TASK TO COMPLETE = Using only the entries below, output the lines starting at the one containing "역병 · 바이러스 내병계 |" and ending at the one containing "The silhouette is", exactly and inclusive of both, omitting the pictures.

DATA RECORDS =
-- Opening Marker --

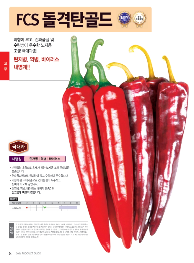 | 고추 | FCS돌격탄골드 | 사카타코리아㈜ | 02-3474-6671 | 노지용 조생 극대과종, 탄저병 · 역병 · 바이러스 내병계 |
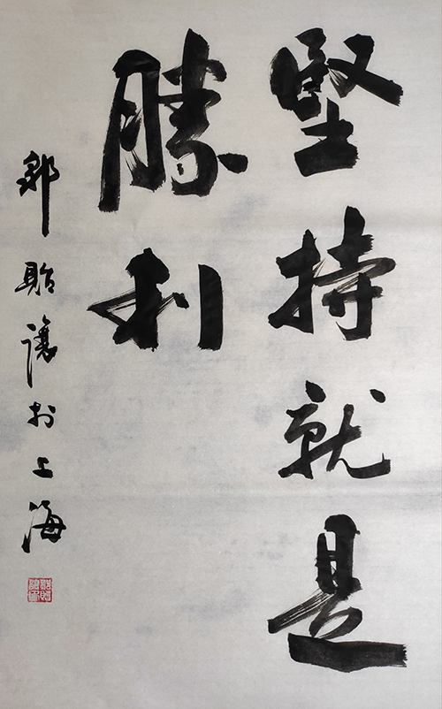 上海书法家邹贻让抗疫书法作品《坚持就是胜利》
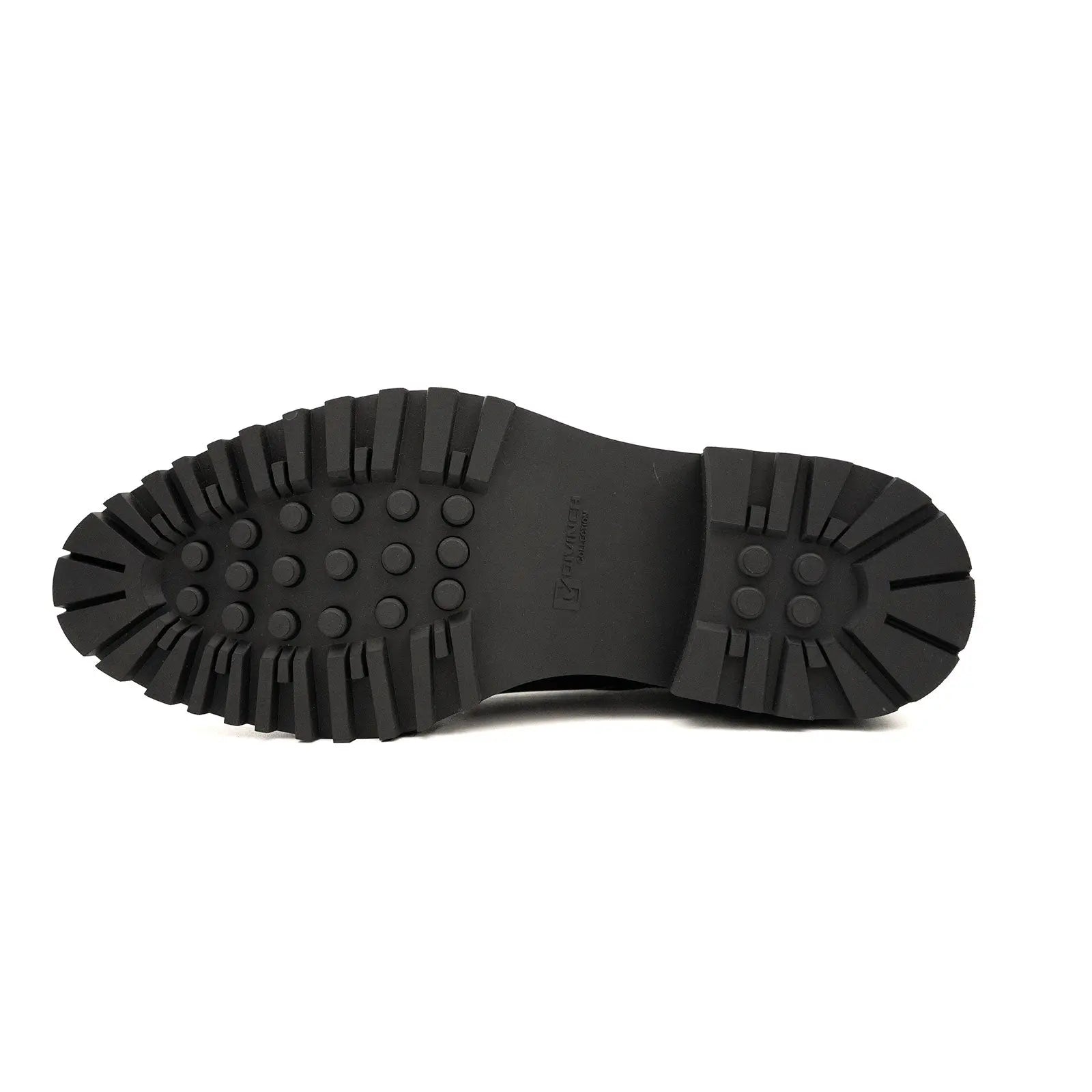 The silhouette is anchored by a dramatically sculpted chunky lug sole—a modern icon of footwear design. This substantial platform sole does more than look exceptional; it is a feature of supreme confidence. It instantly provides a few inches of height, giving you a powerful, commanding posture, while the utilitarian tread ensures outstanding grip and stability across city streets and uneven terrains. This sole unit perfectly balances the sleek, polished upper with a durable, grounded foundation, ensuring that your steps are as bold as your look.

-- Closing Marker --
-- Opening Marker --

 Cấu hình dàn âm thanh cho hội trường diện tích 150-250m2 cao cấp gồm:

-- Closing Marker --

OUTPUT FOR THIS EXERCISE =
 | 고추 | FCS돌격탄골드 | 사카타코리아㈜ | 02-3474-6671 | 노지용 조생 극대과종, 탄저병 · 역병 · 바이러스 내병계 |
 上海书法家邹贻让抗疫书法作品《坚持就是胜利》
 The silhouette is anchored by a dramatically sculpted chunky lug sole—a modern icon of footwear design. This substantial platform sole does more than look exceptional; it is a feature of supreme confidence. It instantly provides a few inches of height, giving you a powerful, commanding posture, while the utilitarian tread ensures outstanding grip and stability across city streets and uneven terrains. This sole unit perfectly balances the sleek, polished upper with a durable, grounded foundation, ensuring that your steps are as bold as your look.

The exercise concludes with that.